Perform LDA model on your final corpus.


In [None]:
#Run LDA model on the final corpus.

#num_topics: the number of latent topics to be extracted from the corpus.
#id2word: mapping from word ids (integers) to words (strings).
# Some other parameters.

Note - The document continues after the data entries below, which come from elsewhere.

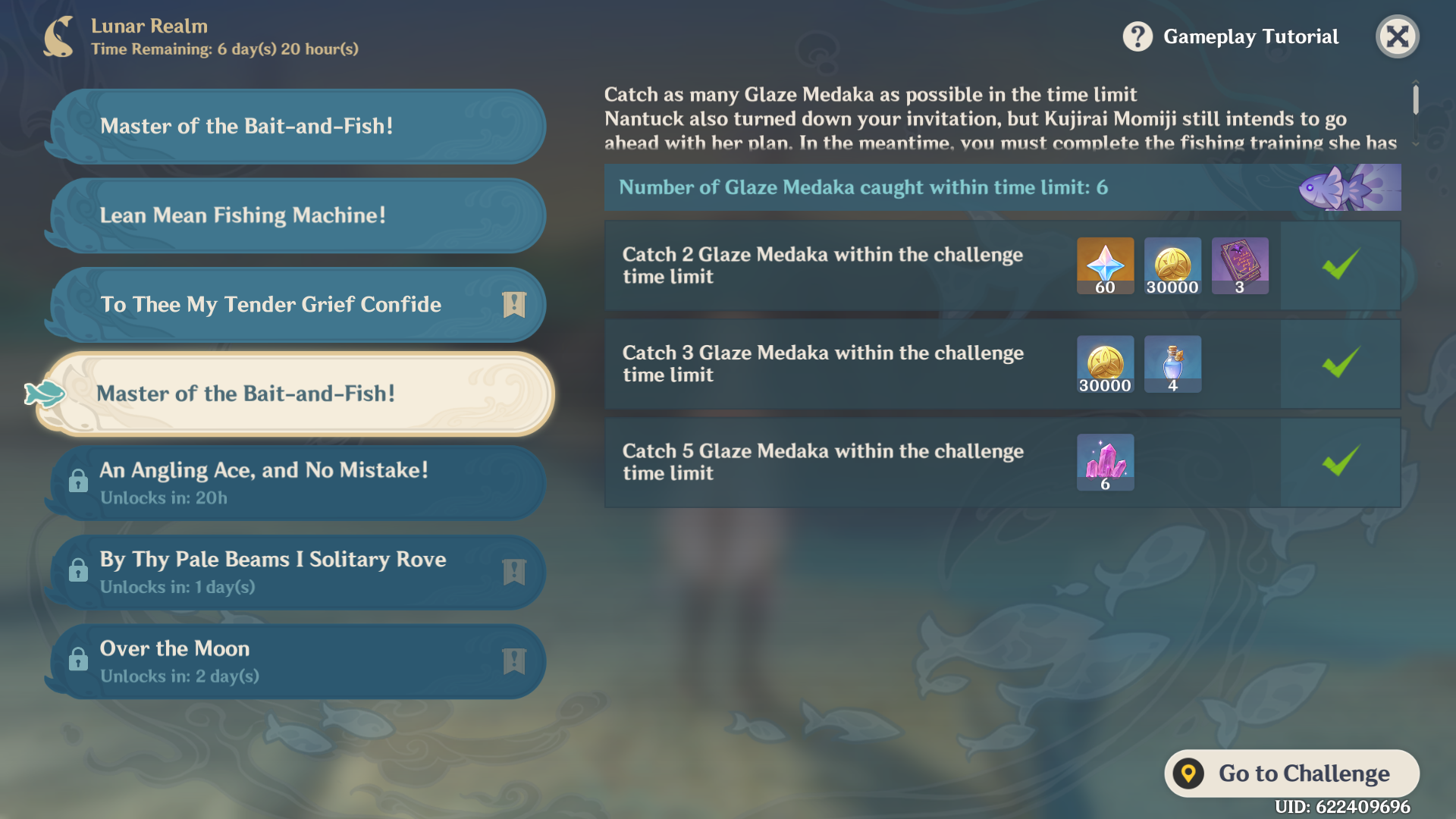 Stick around and catch some extra fish to trade at the Fishing Associations for new rods or The Catch polearm as well. Fish respawn at challenge spots immediately, unlike normal fishing spots, and you can catch up to 50 fish this way.
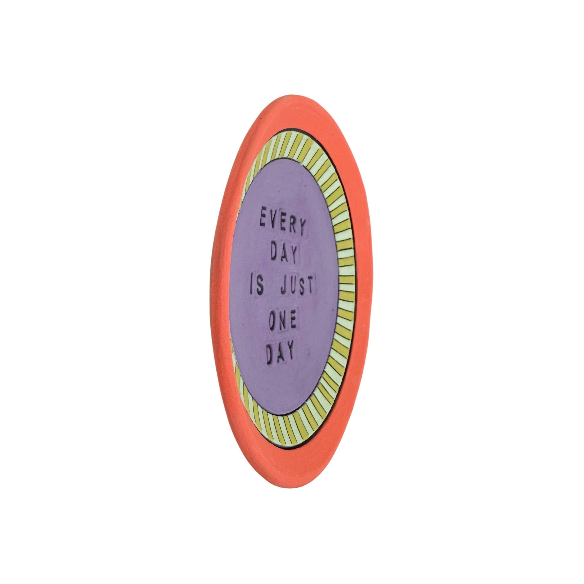 Leslie Jenner's dishes are hand built from earthy terracotta clay, finished with a colorful matte underglaze. Each piece is decorated with unique quotes, sayings, and designs, making every piece one-of-a-kind. These are for decorative purposes only and are not intended for food use. Each piece comes with a hanger on the back for easy wall display. Due to their handmade nature, slight variations in size, color, and shape may occur.
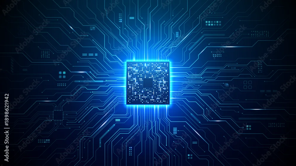 Futuristic processor with spreading electronic connections forming motherboard pattern, quantum computing visualization with glowing data pathways and abstract tech elements. Digital blue background
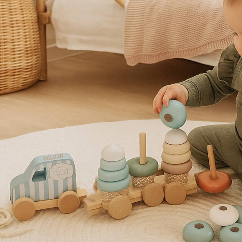 If you’re looking for a toy that’s fun, beautiful, and built to engage a child’s imagination, this Personalised Stacking Ice Cream Truck Toy is sure to bring joy, and maybe a little sweetness, to every day. Turn snack time into a whimsical playtime treat! Perfect for toddlers aged 18 months and up, this charming wooden toy blends open-ended play with creative fun—stack, build, pull around, and imagine your ice cream business on wheels!
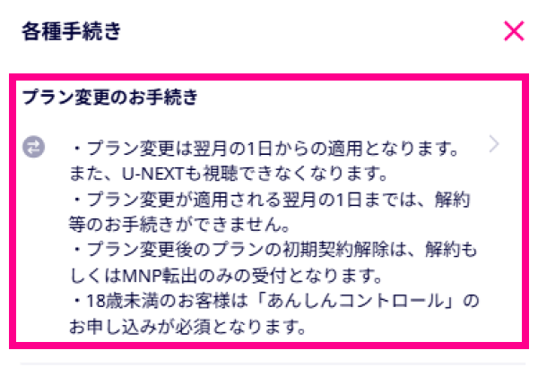 - Rakuten最強プランへの変更のお申し込み完了後からお手続き完了するまで一部のお手続きができません。詳細は「最強U-NEXTからRakuten最強プランへ変更申請中に、できないことはありますか?」をご確認ください。
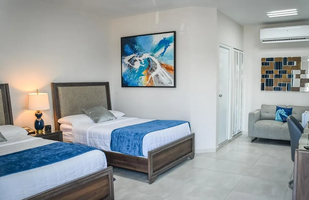 Rooms at Villa Cofresi feature cable TV, air conditioning, and a refrigerator. Ocean view options include spacious deluxe rooms with private balconies. Standard rooms and apartments accommodate families and groups with kitchenettes available.
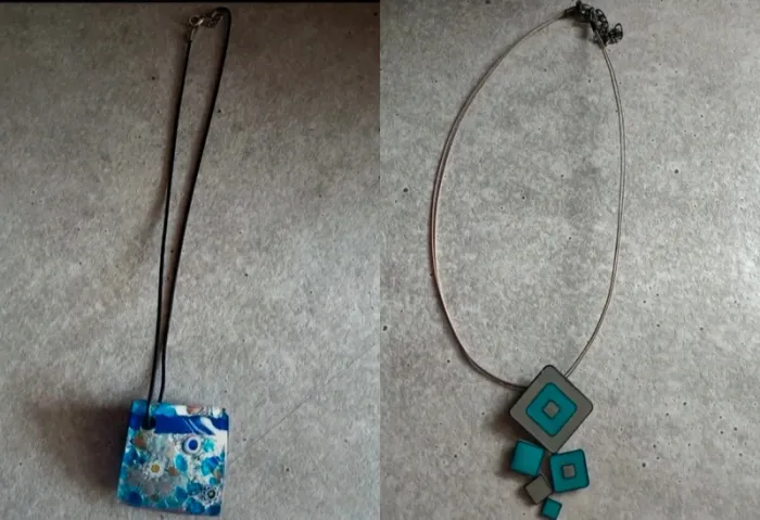 Collier femme 3€ l'unité Le bleu est en verre L'autre gris et verre Très bon état D'autres bijoux avec remise lot appliquees dans mon dressing 😉☀️
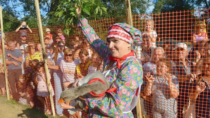 Главным событием праздника стали традиционные гусиные бега. В этом году в них участвовали восемь гусей. В итоге победил гусь Мартин. Его привезла Ирина Чукляева из Балушевых Починок.
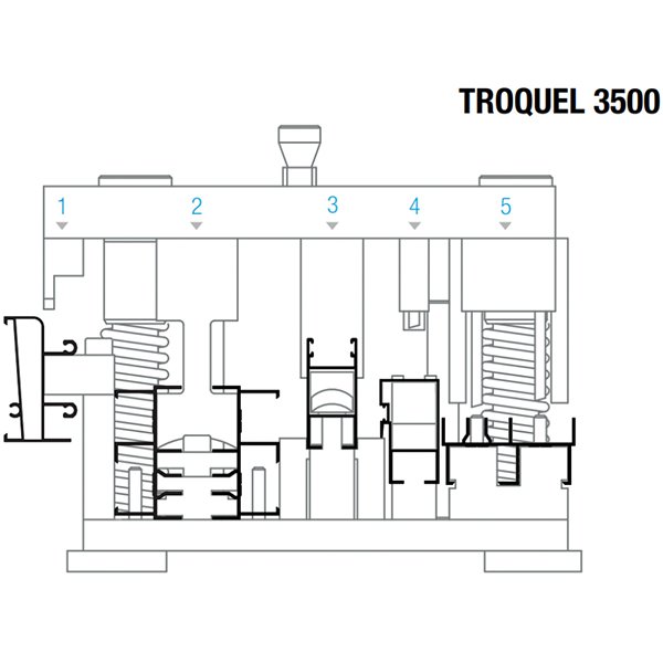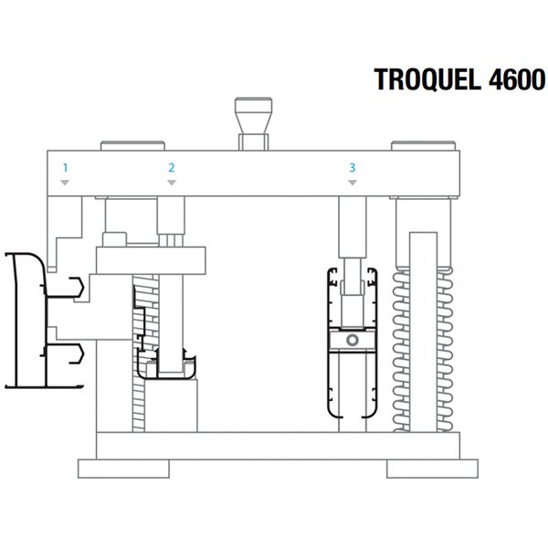 Las piezas que componen el troquel de la serie 4600, están fabricadas en dos materiales. Acero al carbono no aleado con un tratamiento superficial de pavonado para los componentes que no son sometidos a corte, y acero al carbono aleado temp- lado para los elementos de corte.
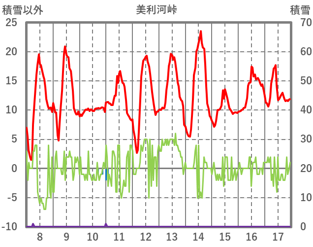 | 日 | 時 | 気温 | 降水 | 風向/風速 | 日照 | 積雪 | 降雪 |
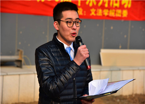 比赛开始前由夏院长为本次比赛致开幕词,在讲话中他表达了对活动的支持及对文法学院学子的深切期望,希望当代文法学子能够铭记历史、面向未来,继承发展“一·二九“时期东大学子的宝贵精神,牢记使命,书写新的篇章。夏院长精彩深刻的讲话后,裁判员代表丁俊文与运动员代表尹梦娜分别宣誓,保证遵守规则、赛出水平。
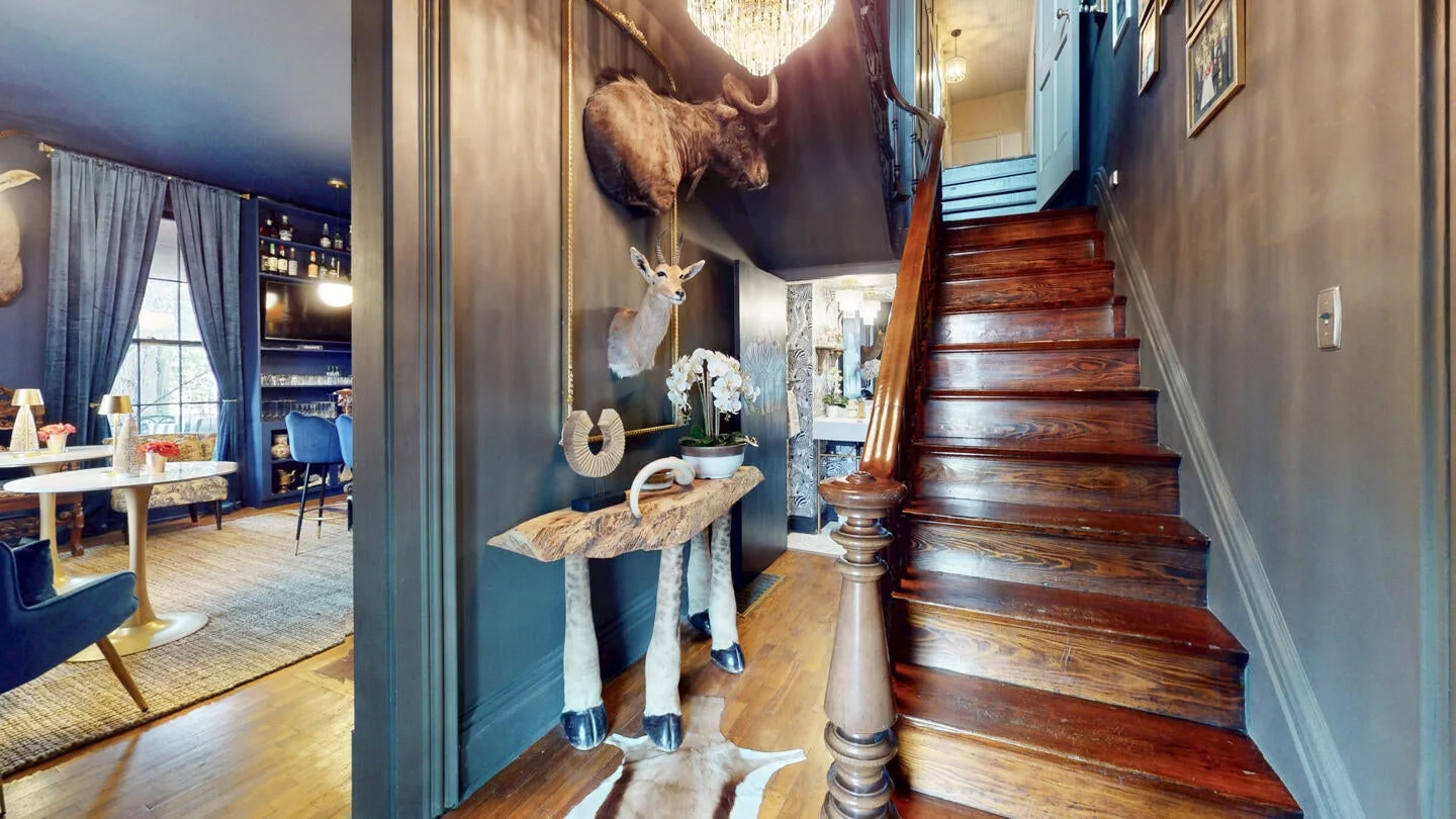 This 1892 Queen Anne-style Victorian home has been fully restored to its original elegance with modern amenities! Known as the ''Herndon House,'' the grandeur starts in the commanding foyer with the mahogany curved staircase & 2 adjacent parlor living rooms, including a formal fireplace mantel with original embossed tile from Innes and Co. in the ''music'' pattern (c. 1895). See the incredible collection of brass and iron hardware throughout, including many pieces of P. F. Corbin's Ceylon pattern. Many original details intact including transom lifters, balustrade, hardwood flooring, woodworking, trim and moldings! Modern amenities include a new large kitchen with granite and all stainless appliances. First floor full bath and laundry!
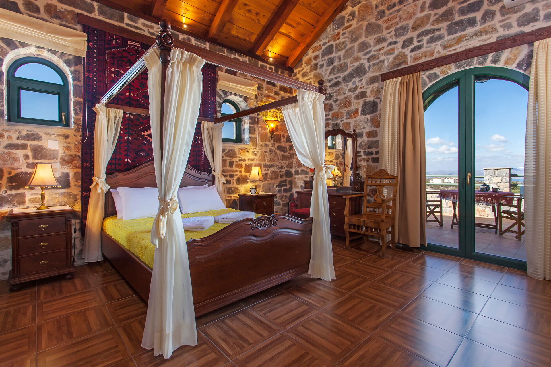 Premier étage: une grande chambre double avec salle de bains privée avec douche, accès à une terrasse privée panoramique et à une soupente avec petit salon, une chambre avec 2 lits à une place et salle de bains privée avec douche.
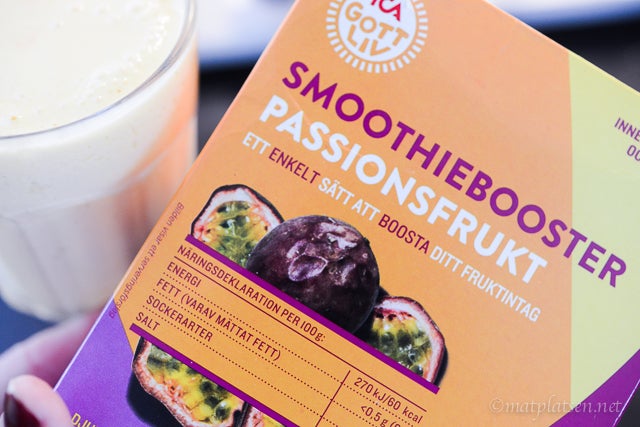Måste tipsa er om favoritsmothien just nu. Blanda naturell grekisk mild yoghurt + en näve frysta ”passionsbollar” + en gnutta honung = god vitaminkick!! Beroendeframkallande. (Ganska syrlig så vill man ha mildare/sötare är nog vaniljyoghurt gott att blanda med).

See the document explanations for more details.

#code for step 4.

In [None]:
ldamodel = gensim.models.ldamodel.LdaModel(corpus, num_topics = 10, id2word = dictionary, passes = 15)
topics = ldamodel.print_topics(num_words = 5)
for topic in topics:
  print(topic)

(0, '0.028*"world" + 0.024*"change" + 0.016*"cup" + 0.015*"afl" + 0.015*"deal"')
(1, '0.039*"say" + 0.023*"house" + 0.021*"show" + 0.020*"could" + 0.019*"warn"')
(2, '0.040*"australian" + 0.029*"queensland" + 0.020*"coast" + 0.019*"help" + 0.019*"open"')
(3, '0.030*"call" + 0.025*"day" + 0.018*"melbourne" + 0.017*"live" + 0.017*"state"')
(4, '0.020*"north" + 0.019*"win" + 0.018*"donald" + 0.017*"first" + 0.016*"canberra"')
(5, '0.019*"get" + 0.015*"china" + 0.014*"mine" + 0.014*"life" + 0.013*"council"')
(6, '0.049*"australia" + 0.022*"one" + 0.020*"crash" + 0.017*"say" + 0.014*"arrest"')
(7, '0.047*"trump" + 0.031*"sydney" + 0.026*"fire" + 0.020*"perth" + 0.020*"home"')
(8, '0.051*"police" + 0.021*"sex" + 0.016*"jail" + 0.016*"man" + 0.015*"miss"')
(9, '0.035*"man" + 0.031*"new" + 0.031*"charge" + 0.031*"court" + 0.030*"government"')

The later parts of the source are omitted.